This all begs some further questions: How in broad strokes did this materialize? And more pressingly, to what use should we direct these new possibilities in physical autonomy?
Scaling Laws and Generalizability in robotics
If you’re familiar at all with our line of blogs, you will have come across the refrain that even without further model improvement, LLMs coupled with the scaling laws of software have rendered many previously intractable workflows newly accessible to automation.
Historically, however, these same scaling laws have not translated clearly to robotics. There have been a few early exceptions to the rule: Kiva Systems in warehouse logistics, Anduril in defense drones, Waymo in self-driving, to name a few; in general, however, costly hardware, a lack of available data, and the greater heterogeneity of physical environments relative to the digital world (from modeling physics to tactile data) have bottlenecked cost and performance for building robotics at scale.
It’s only with advancements in VLAs (only possible with LLM and VLM advancement) and simulation, scaling data collection across modalities, and improvements in hardware components that different parts of the robotics challenge have abraded to render the whole of the problem much more tractable. With respect to autonomy, the industry is also getting smarter on ways to improve generalizability without breaking the bank: since there isn’t an obvious analogue in robotics to the large precorpus of internet language data which fueled LLM pre-training, many companies are sequencing data collection more closely alongside product use cases. Large open source data collection projects like OpenXEmbodiment have also facilitated initial scaling, but these efforts of course remain multiple orders of magnitude away from what exists for LLMs.
Important to highlight here is that the need to closely tie research, data collection, and product gestures to something more fundamental than the typical questions around finding PMF or aligning ROI with research. It digs deeper to what we even mean by generalizability itself. The existence of a “GPT-moment” for LLMs was in many ways a function of accessible pre-training data; this moment has since colored our colloquial discussion of AGI as a jump in category - something realized as a single event, not a sequence.
But of course most of our conceptions of generalizability are definitions of degree, not category. Speaking broadly, we often use the term to describe strong model performance in scenarios outside the training set; in robotics, this also can mean breadth across form factors. Generalizability refers to the degree to which a model captures a spread of task distribution. With LLMs, the demand for granular evals and benchmarks on specific tasks is an obvious symptom for this view. In robotics, however, the insight is even more important: in a domain where cheap or free data is not widely available, what data you choose to collect first - and specific answers on how and what it will best generalize to - is both a market and research question.
Principles for building in robotics
It’s true that each success story will look different, that generational robotics companies will likely create new markets. Even so, we have a few principles and heuristics to at least help narrow the problem scope - to finding the right marriage of morphology and market, data and research. Many of these principles guided our conviction in Bedrock Robotics which brings experience from some of Waymo’s most defining breakthroughs - in freeway driving, all-weather operation, systems reliability, and sensor architectures - to automating heavy machinery in construction.

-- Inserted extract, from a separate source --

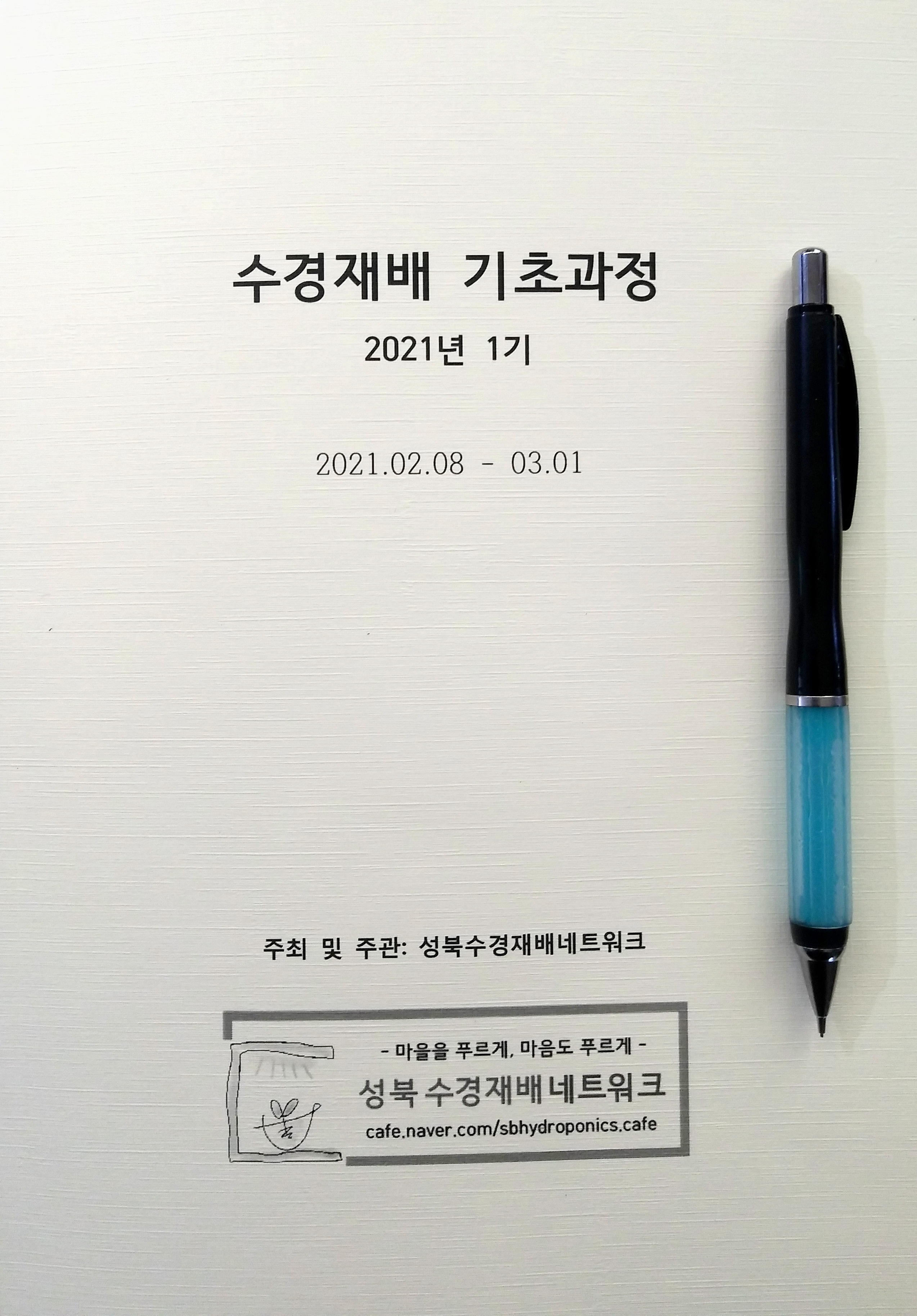 안녕하세요? 성수네가 주최하고 주관한 수경재배 기초과정 2021년 1기 내용이 정리되어 공유합니다. 코로나-19로 인해 비대면으로 진행했던 강좌였습니다. 자세한 내용은 링크합니다.

- Generalizability - The importance of this should be made clear from the get-go: Even if measured in degrees, generalizability very clearly remains the main catalyst for this new era of robotics. For each investment at 8VC, we always ask ourselves “why now?” - What new technology enables something today that was impossible yesterday? In the digital world, LLMs have created some of the clearest “why now’s” for new software companies. In robotics, generalizability allows you to not have to train each new type of robot from scratch, significantly lowering the marginal cost of building for a new use case; while perhaps obvious to some, it should be made clear that this remains the main catalyst for building new generational robotics companies.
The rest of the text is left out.